People have been in unresponsive state for long
Mrs Edna Muchiri has spent one year in a coma, with promising signs of recovery, but there are people who have stayed in that state for years. Her husband David says medics describe her condition as “vegetative”, which denotes very little brain activity. Across the world, there are individuals who have stayed in her state for a lengthy period of time.
Elaine, born in the US state of Illinois, she slipped into a coma aged six in August 1941. This happened following an operation to cut her appendix, where the anaesthesia procedure went awry. She stayed in that state for 37 years and 111 days, dying in November 1978. Hers has been recorded in the Guinness World Records as the longest coma ever.
The wife of former Nyeri Town MP Wanyiri Kihoro, Dr Wanjiru stayed in a coma for almost four years after a January 2003 plane crash that claimed the lives of the then Labour Minister Ahmed Khalif and two pilots. Mr Kihoro, a lawyer, was at his wits’ end when he spoke to Nation when the hospital bill had hit Sh130 million — just two years after admission. He said he had been visiting the hospital at 4pm every day, hoping that he would find her awake one day. But she did not. She died in October 2006.

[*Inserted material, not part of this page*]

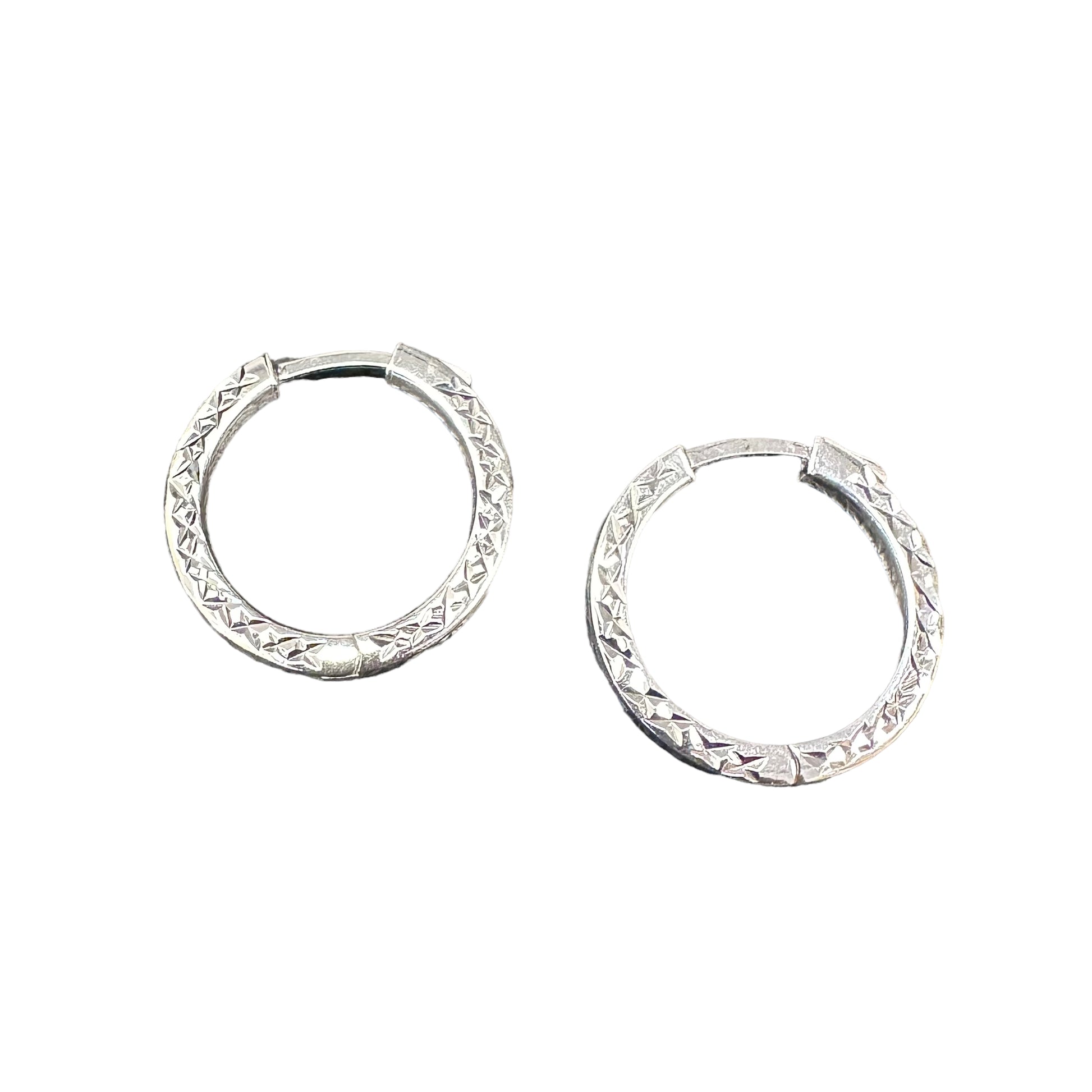 Fancy Stamped Hinged Hoop Earrings Sterling Silver

The former Israeli Prime Minister spent eight years in a coma at the Sheba Medical Centre up to 2014 when he died. The cause was a stroke he suffered in 2006, which was bigger than one he had suffered in December 2005. Mr Sharon, who was once an Israeli soldier, is remembered for his gigantic frame and his hard-line stance on various issues.
By the time of her death in March 2005, Ms Schiavo had sparked debate in the US about the rights of a person who cannot medically get off a coma. She collapsed in her house in 1990 due to heart complications, and was soon in a persistent vegetative state. After a decade in a coma, her husband Michael launched a petition to be allowed to take her off life-support machines, which drew a sharp reaction from the right-to-die movement. She died 13 days after doctors withdrew her feeding tube.

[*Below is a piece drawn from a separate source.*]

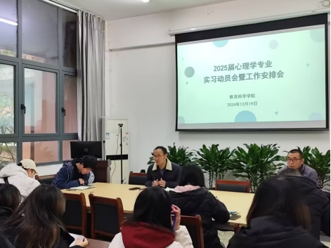 本网讯(文/陈小梅、图/陈小梅)为助力心理学专业学生平稳步入实习阶段,增强职业技能与专业素养,教育科学学院于12月19日上午10点10分,在学院会议室召开了2025届心理学专业实习动员会暨工作安排会。教育科学学院副院长唐前军教授、教务科长帅希权老师、教务秘书钟小婷老师、心理学专业负责人(本次实习带队教师)王立新教授、21级辅导员桂超老师及21级心理学专业全体同学参加此次会议,会议由桂超主持。

Martin’s story gives hope to those whose loved ones are in a coma. The South African author stayed motionless in hospital for eight long years, at one point his mother told him: “I hope you die.” He would later tell South Africa’s National Public Radio that throughout those eight years, he was fully conscious. “Everyone was so used to me not being there that they didn’t notice when I began to be present again,” he said. When he was 25, one of his therapists realised that he was expressing himself and that started the process that led to him having a voice synthesiser to help him communicate. He got married to a social worker in 2008. He wrote a book titled Ghost Boy to chronicle his experience.